Use pgvector for Vector Similarity Search

pgvector is an open-source plugin for vector similarity search. It supports both exact and approximate nearest neighbor searches, as well as L2 distance, inner product, and cosine distance. For more details, see pgvector/pgvector: Open-source vector similarity search for Postgres.
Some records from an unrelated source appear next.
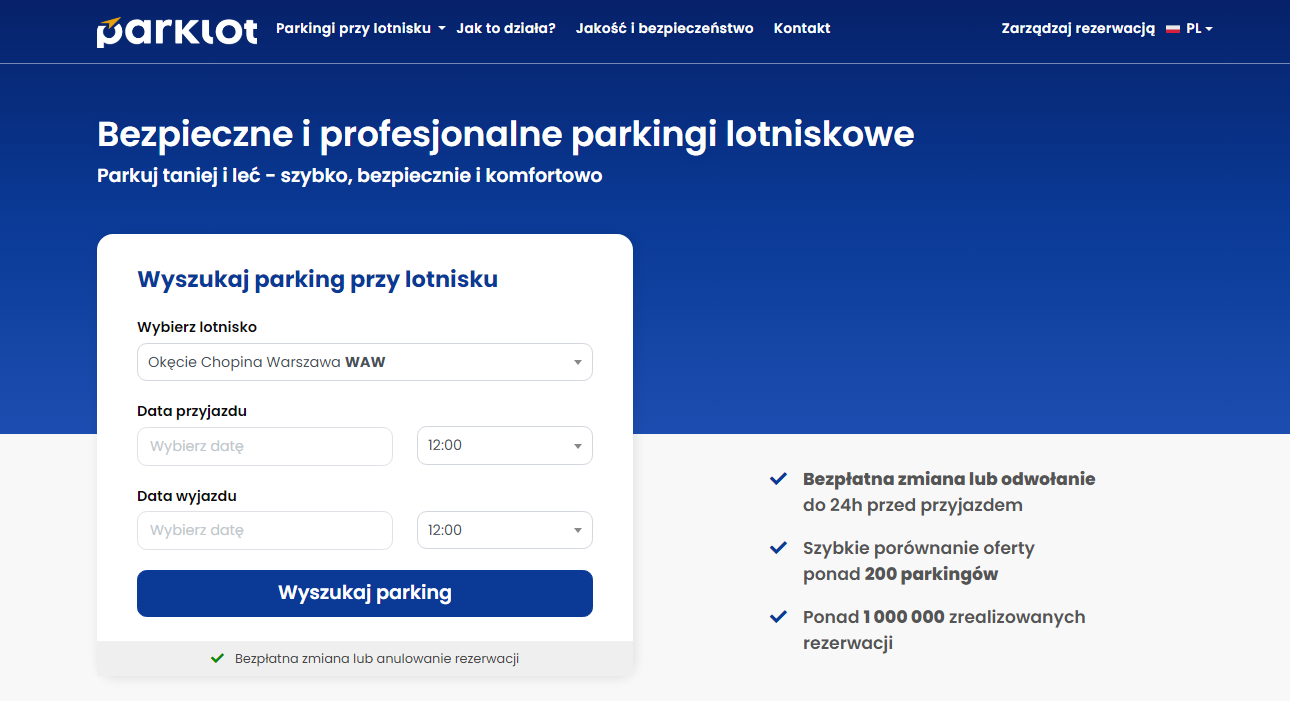 Bezpłatna zmiana lub odwołanie do 24h przed przyjazdem. Szybkie porównanie oferty - ponad 200 parkingów. Ponad 1 000 000 zrealizowanych rezerwacji. Utwardzone nawierzchnie, wyznaczone miejsca parkingowe, wygodne chodniki i wiaty dla oczekujących na przybycie busa, który dowiezie Państwa na terminal. Do tego bardzo niskie ceny parkowania, nawet 5zł za dobę! Tak wyglądają parkingi dla klientów sieci parkingów Parklot.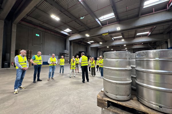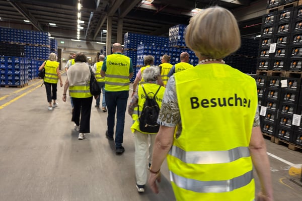 Das Firmengelände hat eine wirklich beeindruckende Größe. Regelmäßig lagern um 1,5 Millionen leere Bierkästen dort und warten auf ihre Befüllung. Der Abtransport erfolgt über firmeneigene LKWs mit eigenem Personal, das gegenüber den Berufskraftfahrern im für sie günstigeren Tarif der Bierbrauer vergütet wird.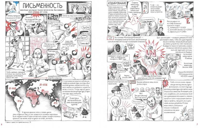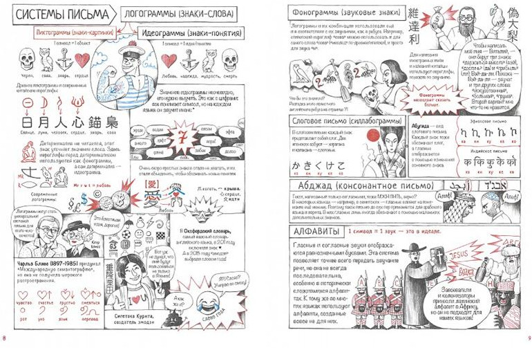 Тут описывается более ста различных видов письма с древних времён до цифровой эпохи, начиная с клинописи и заканчивая эмодзи и вымышленными языками. Формат комикса наглядно демонстрирует особенности различных алфавитов, консонантного и слогового письма, логографического письма и так далее. В схемах и картах показана не только история происхождения и развития той или иной письменности, но и как она устроена. Читатель сможет сопоставить разные системы и подумать, какая кажется ему наиболее логичной и простой. Вот Оксфордский университет, например, объявил лучшей системой письма современности корейское письмо хангыль! |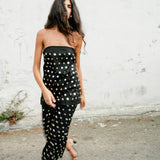 A strapless bustier cut from a light cotton linen, and elevated with hand-embroidered sequin appliques. They are sown on the front and the back of the top, creating a sparkling haze. Pair it nicely with the matching 'Ecorces de Cerisier' skirt.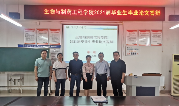 根据《beat365在线平台官网本科毕业论文(设计)管理办法》要求,按照生物与制药工程学院2021届本科毕业生毕业答辩工作安排,5月22日下午,生物与制药工程学院校企共育毕业生论文答辩在实验楼2C527会议室顺利举行。院长段鸿斌出席答辩会,生物制药教研室主任王伟副教授担任答辩小组组长,合作单位上海瑞博化学有限公司常务副总经理刘继红、技术总监窦海建与我院两位教师共同担任评委。答辩会由王伟主持。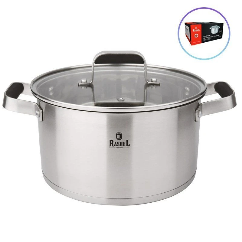 Кастрюли торговой марки RASHEL выполнены из высококачественной нержавеющей стали. Кастрюли удобны в использовании, за ними легко и просто ухаживать. Многослойное капсульное дно равномерно распределяет тепло и долгое время сохраняет достигнутую температуру, тем самым обеспечивает равномерный нагрев и равномерную подачу тепла во внутрь кастрюли.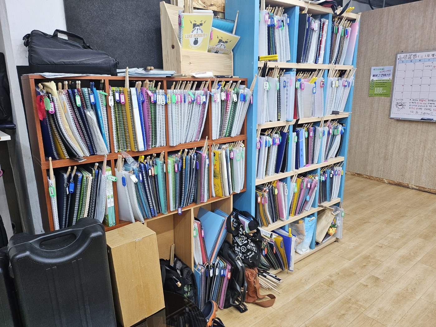 회원님들 스틱과 교재가 보관되어 있는 모습입니다. 보기만해도 실력이 늘고 있는 거 같네요. 초보부터 고수들까지 본인 레벨에 맞는 교재로 연습이 가능하십니다. 1권부터 차근차근 밟아가시면 본인도 모르게 고수의 반열에 오르실 수 있을 겁니다.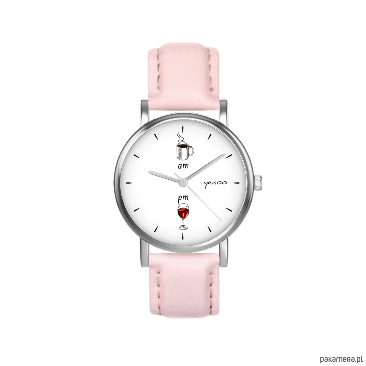Zegarek mały - Kawa i wino - skórzany, pudrowy róż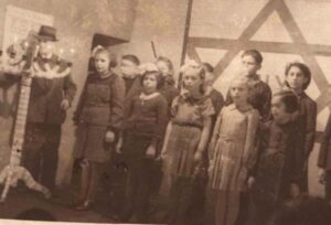 Surviving Jewish children participating in a Chanuka candle lighting ceremony in the Gluszyna DP camp, Poland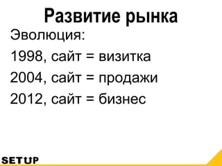 Алексей Трошин, директор по развитию setup.ru, делится опытом создания сайтов, описывая этапы эволюции рынка с 1998 года. Он обсуждает выбор фрилансеров, ценообразование, управление проектами, веб-дизайн и что учитывать при создании сайтов, включая CMS и хостинг. Трошин подчеркивает важность контента, SEO-оптимизации и мобильной версии сайтов для успешной онлайн-реализации.

SynxDB Elastic allows you to use pgvector for data storage, querying, hybrid searches, and more through SQL statements. This document explains how to use pgvector in SynxDB Elastic.

Quick start

Enable the extension (do this once in each database where you want to use it):

CREATE EXTENSION vector;

Create a vector column with 3 dimensions:

CREATE TABLE items (id bigserial PRIMARY KEY, embedding vector(3));

Insert vector data:

INSERT INTO items (embedding) VALUES ('[1,2,3]'), ('[4,5,6]');

Get the nearest neighbors by L2 distance:

SELECT * FROM items ORDER BY embedding <-> '[3,1,2]' LIMIT 5;

Note: Use <#> for inner product and <=> for cosine distance.

Store data

Create a table with a vector column:

CREATE TABLE items (id bigserial PRIMARY KEY, embedding vector(3));

Or add a vector column to an existing table:

ALTER TABLE items ADD COLUMN embedding vector(3);

Insert vectors:

INSERT INTO items (embedding) VALUES ('[1,2,3]'), ('[4,5,6]');

Insert and update vectors:

INSERT INTO items (id, embedding) VALUES (1, '[1,2,3]'), (2, '[4,5,6]')
    ON CONFLICT (id) DO UPDATE SET embedding = EXCLUDED.embedding;

Update vectors:

UPDATE items SET embedding = '[1,2,3]' WHERE id = 1;

Delete vectors:

DELETE FROM items WHERE id = 1;

Query data

Get the nearest neighbors to a vector:

SELECT * FROM items ORDER BY embedding <-> '[3,1,2]' LIMIT 5;

The supported distance functions are:

<->: L2 distance
<#>: negative inner product
<=>: cosine distance

Get the nearest neighbors of a row:

SELECT * FROM items WHERE id != 1 ORDER BY embedding <-> (SELECT embedding FROM items WHERE id = 1) LIMIT 5;

Get rows within a specific distance range:

SELECT * FROM items WHERE embedding <-> '[3,1,2]' < 5;

Get the distance:

SELECT embedding <-> '[3,1,2]' AS distance FROM items;

For inner product, multiply by -1 (because <#> returns the negative inner product).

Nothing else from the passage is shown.